Lebih detail Sri Sutari menjelaskan, pemilahan sampah dari sumber merupakan salah satu solusi mengatasi masalah sampah, dengan menggunakan decomposter drum sampah organik rumah tangga.
“Bisa dimasukkan ke dalamnya dan disemprotkan Bioaktivator BioStar U, diamkan selama kurang lebih 3 minggu, maka sampah sudah menjadi kompos dan bisa digunakan memupuk tanaman yang ada di sekitar rumah,” terangnya.
Bekerja sama dengan Plaza Renon Mall menggelar talkshow bertajuk “Kartini Modern, Kartini Peduli Sampah”, pada hari Kartini Jumat (21/4/2023) sekaligus memperingati hari Bumi dilakukan sosialisasi pemilahan sampah dan cara pengolahan sampah organik menjadi kompos.

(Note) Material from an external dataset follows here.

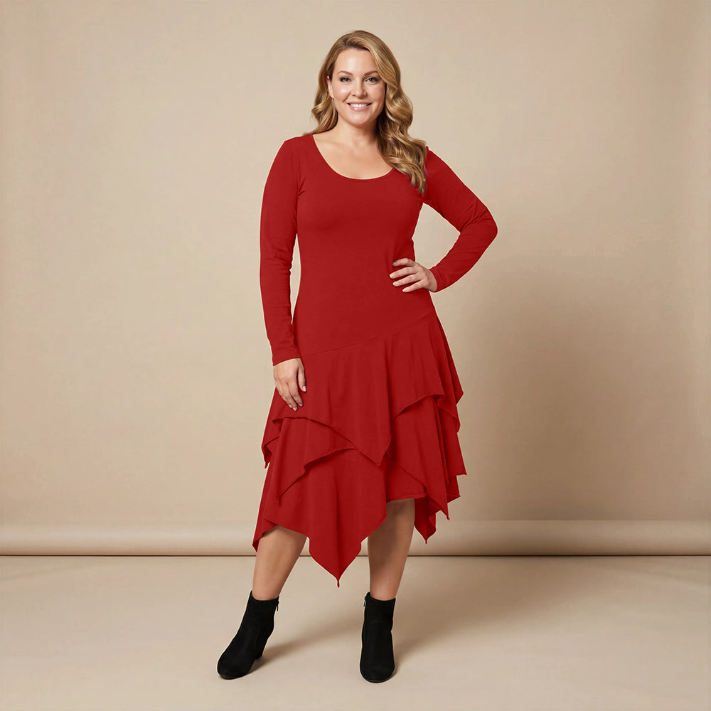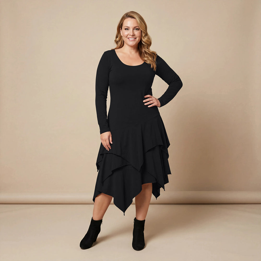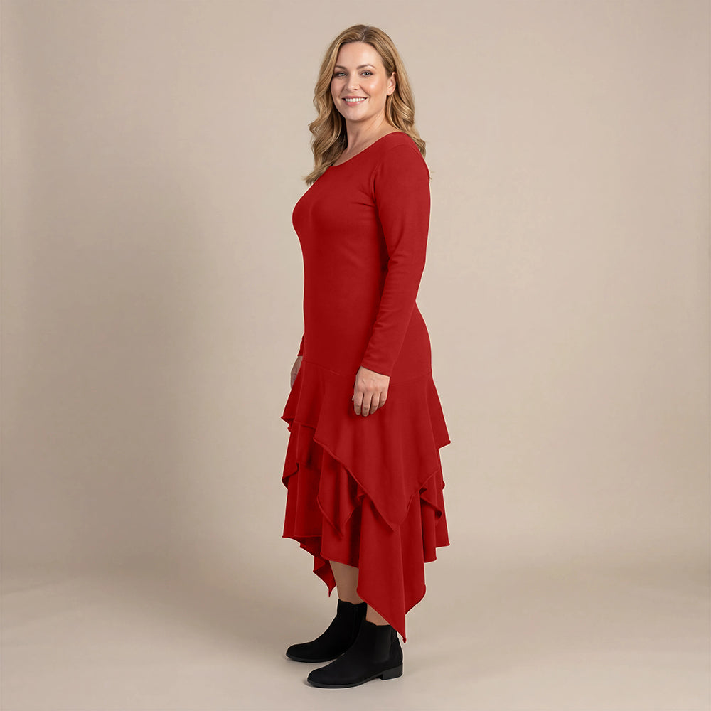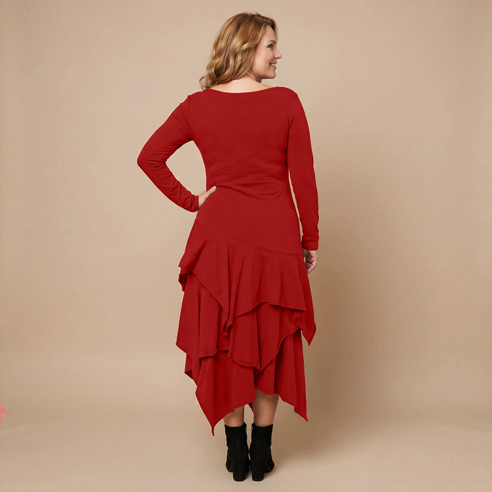 Boris Industries kjole med volanger er en vakker, ganske rett kjole med volanger fra hoftene, lange ermer og en vakker hals. Vi synes den har en litt bohemsk stil, fantastisk kjole med svingende stil.

“Pengunjung yang hadir dan tertarik mengolah sampahnya sendiri diberikan drum atau tong decomposter dan Bioaktivator BioStar U secara gratis,” tandas Sri Sutari.
Kegiatan ini menurutnya merupakan salah satu cara untuk aplikasi teknologi tepat guna yang dihasilkan peneliti di kampus agar langsung menyentuh masyarakat umum.
“Kerja sama terkait pengolahan sampah juga sudah dilakukan dengan Bank Sampah Tegeh Sari yang diketuai Bapak Mantrayasa,” sebutnya.
Diharapkan dengan adanya kegiatan kegiatan seperti ini hilirisasi produk penelitian dosen akan dapat langsung dirasakan manfaatnya oleh masyarakat.
“Ini bagian dari pengabdian kepada masyarakat. Semoga edukasi pengolahan sampah organik skup rumah tangga ini memberikan manfaat bagi masyarakat dan lingkungan sekitarnya,” tutup Sri Sutari.
Tentang Sri Sutari
Perempuan aktif dan enerjik Ni Wayan Sri Sutari, S.P., M.P, ini biasa dipanggil Iiek. SP adalah gelar Sarjana Pertanian yang diperolehnya selama menempuh pendidikan S1 di Program Studi Ilmu Tanah Fakultas Pertanian Universitas Udayana pada tahun 1999 dan lulus pada tahun 2004. Kemudian ia diterima sebagai staf pengajar di almamaternya di bidang Biologi Tanah Laboratorium.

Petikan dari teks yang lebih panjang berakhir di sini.